Evidence
The surgical approach for patients with FGU-RMS changed dramatically from the North American IRS-I trial, in which the primary surgery was commonly pelvic exenteration, hysterectomy or vaginectomy, towards preservation of these organs in IRS-III & -IV. With these less radical procedures the excellent survival rates of IRS-I were preserved with much lower morbidity.6 Arndt et al. further outlined the evolution of treatment from IRS I-IV to determine the optimal management strategy for FGU-RMS, demonstrating 5-year failure-free and overall survival of 72% and 87%, respectively, in those with nonmetastatic tumors.9 Importantly, aggressive initial surgical resection was performed in IRS-I but was discouraged by IRS-III and -IV to decrease morbidity. Rate of organ removal (vagina +/- uterus +/- bladder) decreased from 66% in IRS-I/II to 41% in IRS-III/IV, yet cure rates were preserved at 82% and 84%, respectively. Of 27 patients with recurrence, 23 (85%) were local/regional, and most did not receive any or had inadequate RT. Eighteen (67%) were salvaged with additional multimodal treatments. As such, conservative initial surgery followed by primary chemotherapy approach with selective RT was recommended to decrease morbidity and late effects. This treatment paradigm was utilized in the subsequent series of COG trials D9602 and ARST0331. The majority of patients therefore had unresected disease at enrollment in both of these trials, however there was a significantly increased local recurrence rate between D9602 (26%) study and the subsequent ARST0331 (43%) likely due to decreasing the cumulative dose or eliminating cyclophosphamide and delaying or eliminating RT.8Although high salvage rates allowed 3-year OS to remain excellent (95%) on ARST0331, this was at the expense of intensified second-line therapy for patients who developed recurrence, with inherent long-term complications.

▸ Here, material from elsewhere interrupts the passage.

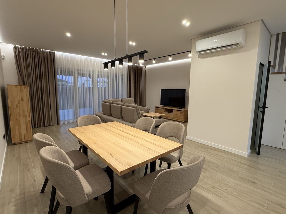 Оренда таун хаусу в New Village в пригороді м.Ужгород . Укомплектований всім необхідним для комфортного проживання. Три окремі спальні, гардероб, два санвузли, дворик, є зарядка для електромобіля.

Further support for a conservative primary surgery paradigm came from a pooled, multinational analysis including data from 237 patients treated within trials of COG, SIOP MMT, STSC, and EpSSG in which approximately 50% of the patients achieved CR with chemotherapy alone and some were cured without systematic RT or radical surgery.4 In this large patient cohort only 31% (72/231) underwent upfront gross resection (IRS group I or II) and the remaining 69% (159/231) had gross residual disease or biopsy only (Group III) before the initiation of chemotherapy. The 10-year EFS and OS for these patients were similar (Group I, II, III EFS was 79%, 72%, 72%, and OS was 97%, 85% and 92% respectively, p=0.62).
In summary, the evidence would suggest that a conservative approach to the primary surgical intervention in these tumors, when used in conjunction with adequate chemotherapy and possible RT, provides excellent local control and outcomes. This does not imply that upfront resection is unreasonable in very select instances, such as small, localized and well circumscribed tumors that can be grossly excised with minimal compromise to normal local structures. However, the possibility of a complete resection is often difficult to judge so the majority of patients are better served with conservative organ preserving surgical procedures limited to obtaining tissue for diagnosis.